Hi all,

I'm looking for a replacement of the packusdw MMX instruction, because it simply doesn't exist... Obviously it's easy to find an equivalent code sequency, but I'm really searching for the fastest way possible.

Ok, the problem is that I have 4 floating-point values in an SSE register, and I want to store them as 0.16 fixed-point unsigned integers in an MMX register. If the packusdw instruction existed, this would be as simple (and fast) as:

mulps xmm0, _65536
cvtps2pi mm0, xmm0
movhlps xmm0, xmm0
cvtps2pi mm1, xmm0
packusdw mm0, mm1

Floating-point numbers outside the [0, 1] range should wrap around, not be saturated, as expected for a packusdw instruction. So it merely has to select the lowest 16-bit from the doublewords and pack them together. The best equivalent I found so far is:

pshufw mm0, mm0, 0x08
pshufw mm1, mm1, 0x08
punpckldq mm0, mm1

Unfortunately this is the greatest bottleneck in my code. The mulplication by 65536 is actually done early on, so the lack of packusdw makes my code 50% longer. :shock: So I really need an alternative way of doing this.

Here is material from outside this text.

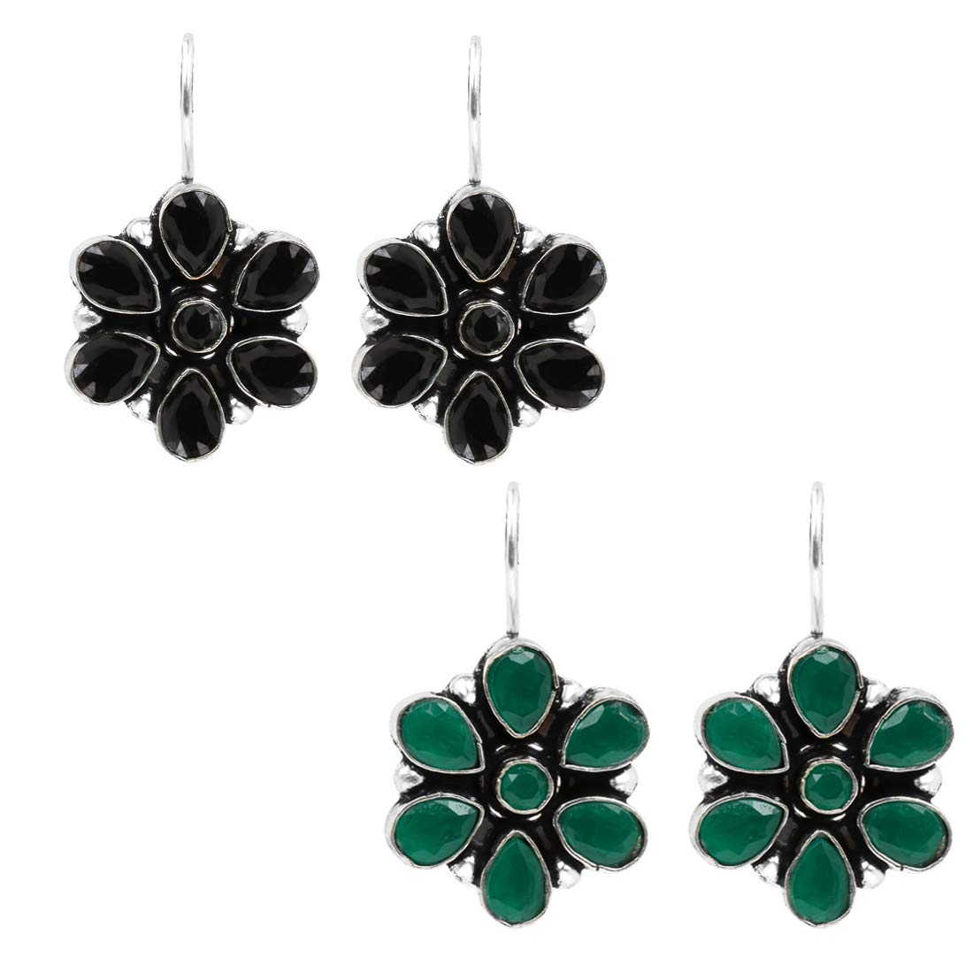 Combo of Two Pair German Silver Oxidized Handmand Floral charm Studded Stone Drop Earrings Women and Girls

If you got any ideas, anything at all, please let me know! Thanks.
Posted on 2004-10-20 08:17:05 by C0D1F1ED
Anyone? This is for texture mapping.

The complete calculation is that I have four u-coordinates in one SSE register, and four v-coordinates in another. They have to be converted to integer and combined together to get the offset in the texture map. Then sixteen texels are read, multiplied by the integer fractions for bilinear filtering, and combined to form four samples. My 'best' result so far 90 clock cycles -per sample- on a highly efficient Pentium M. :cry: What bothers me is that there's only 180 instructions (for four), so the processor executes one instruction every two clock cycles. I hoped it was the other way around...

I'm aiming for 75 clock cycles, so if anyone has any idea to optimize these steps, please let me know!
Posted on 2004-10-21 04:25:08 by C0D1F1ED